• **What to do**
For each line in the data below that holds "zsmalecov", return a copy.
━━ Working data ━━
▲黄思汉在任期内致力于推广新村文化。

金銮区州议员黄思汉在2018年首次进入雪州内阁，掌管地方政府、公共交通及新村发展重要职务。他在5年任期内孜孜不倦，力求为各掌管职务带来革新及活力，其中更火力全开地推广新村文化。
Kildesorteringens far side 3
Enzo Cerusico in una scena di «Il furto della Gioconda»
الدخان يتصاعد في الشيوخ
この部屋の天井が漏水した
━━━
━━ Working data ━━
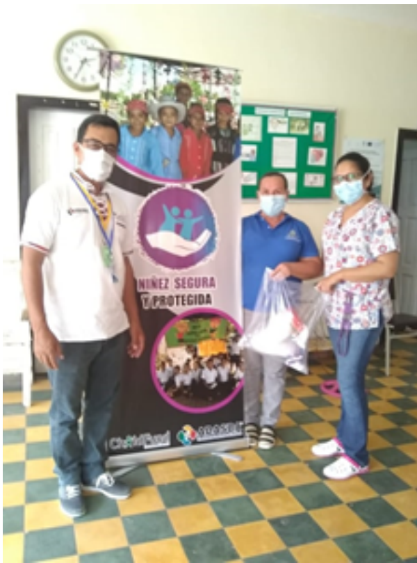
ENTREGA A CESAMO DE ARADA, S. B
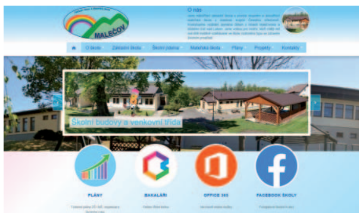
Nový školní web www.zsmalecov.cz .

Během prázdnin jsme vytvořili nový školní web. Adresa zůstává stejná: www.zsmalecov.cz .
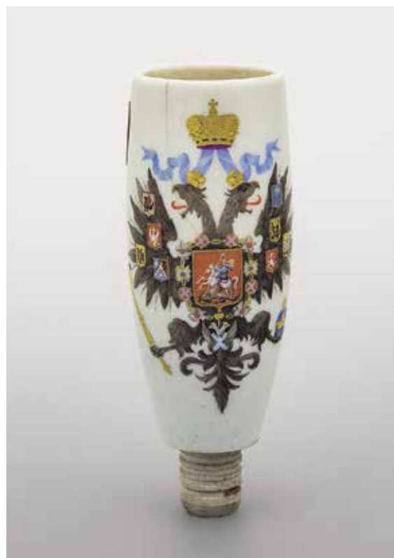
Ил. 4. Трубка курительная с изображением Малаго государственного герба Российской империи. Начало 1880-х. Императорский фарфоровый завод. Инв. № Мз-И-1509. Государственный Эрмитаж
━━━
• **Response to this task**
Nový školní web www.zsmalecov.cz .
Během prázdnin jsme vytvořili nový školní web. Adresa zůstává stejná: www.zsmalecov.cz .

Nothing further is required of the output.